» About this exercise: What is needed is an exact repeat of the lines from the one holding "Pasagerii autoturismelor și" through the final line of the data, with no pictures.

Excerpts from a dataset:
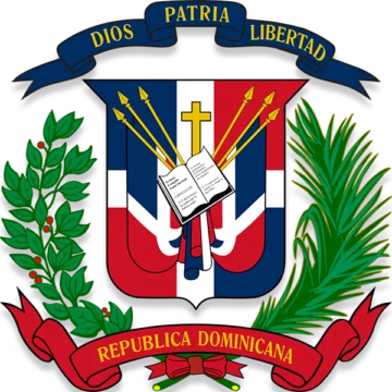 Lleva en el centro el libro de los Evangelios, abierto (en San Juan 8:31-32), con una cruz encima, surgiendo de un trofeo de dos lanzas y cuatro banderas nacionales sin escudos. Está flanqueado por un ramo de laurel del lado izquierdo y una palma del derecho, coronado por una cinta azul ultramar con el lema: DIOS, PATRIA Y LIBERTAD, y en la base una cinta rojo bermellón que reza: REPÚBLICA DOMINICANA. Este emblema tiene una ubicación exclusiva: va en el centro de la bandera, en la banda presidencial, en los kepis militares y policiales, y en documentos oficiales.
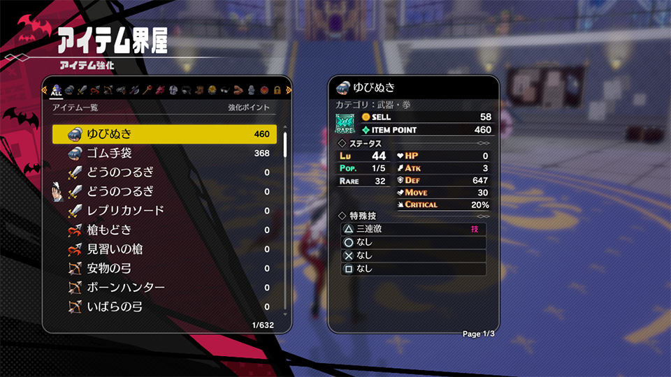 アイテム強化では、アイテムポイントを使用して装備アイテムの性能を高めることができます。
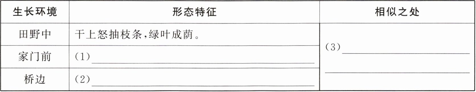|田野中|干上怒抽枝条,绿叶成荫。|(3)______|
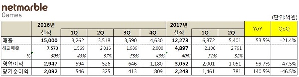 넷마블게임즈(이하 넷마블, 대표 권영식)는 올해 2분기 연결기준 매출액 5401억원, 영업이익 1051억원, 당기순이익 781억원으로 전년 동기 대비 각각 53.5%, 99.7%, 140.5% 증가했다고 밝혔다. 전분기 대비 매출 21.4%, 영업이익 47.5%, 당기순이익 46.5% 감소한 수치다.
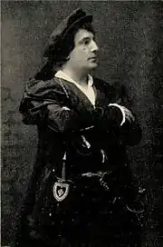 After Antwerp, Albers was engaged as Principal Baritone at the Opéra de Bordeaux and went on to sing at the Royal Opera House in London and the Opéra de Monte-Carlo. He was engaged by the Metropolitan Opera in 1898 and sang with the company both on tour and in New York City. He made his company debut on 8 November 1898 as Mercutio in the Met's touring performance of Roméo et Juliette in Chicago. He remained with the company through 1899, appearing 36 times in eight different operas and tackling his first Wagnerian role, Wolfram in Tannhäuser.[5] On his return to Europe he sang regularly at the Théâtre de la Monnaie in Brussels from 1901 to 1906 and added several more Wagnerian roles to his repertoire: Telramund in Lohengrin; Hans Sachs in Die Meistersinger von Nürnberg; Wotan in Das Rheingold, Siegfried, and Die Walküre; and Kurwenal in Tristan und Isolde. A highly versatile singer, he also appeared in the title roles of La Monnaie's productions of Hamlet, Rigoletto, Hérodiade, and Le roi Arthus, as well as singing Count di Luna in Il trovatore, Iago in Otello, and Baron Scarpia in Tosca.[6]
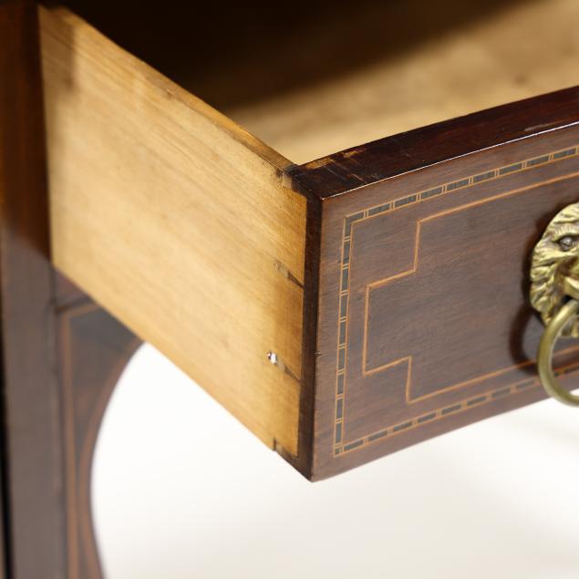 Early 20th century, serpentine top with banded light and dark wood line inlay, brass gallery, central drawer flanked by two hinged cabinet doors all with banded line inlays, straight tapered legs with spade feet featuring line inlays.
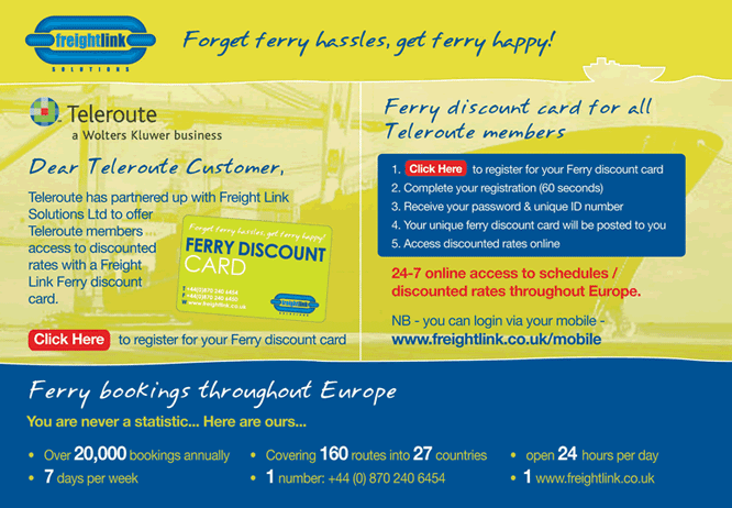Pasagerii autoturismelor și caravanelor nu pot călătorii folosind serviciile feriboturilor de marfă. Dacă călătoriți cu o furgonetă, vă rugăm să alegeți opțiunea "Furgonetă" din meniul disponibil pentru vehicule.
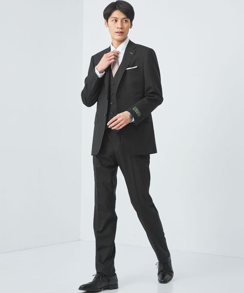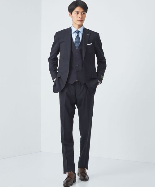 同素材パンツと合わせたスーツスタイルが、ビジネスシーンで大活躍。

» Solution to the exercise:
Pasagerii autoturismelor și caravanelor nu pot călătorii folosind serviciile feriboturilor de marfă. Dacă călătoriți cu o furgonetă, vă rugăm să alegeți opțiunea "Furgonetă" din meniul disponibil pentru vehicule.
 同素材パンツと合わせたスーツスタイルが、ビジネスシーンで大活躍。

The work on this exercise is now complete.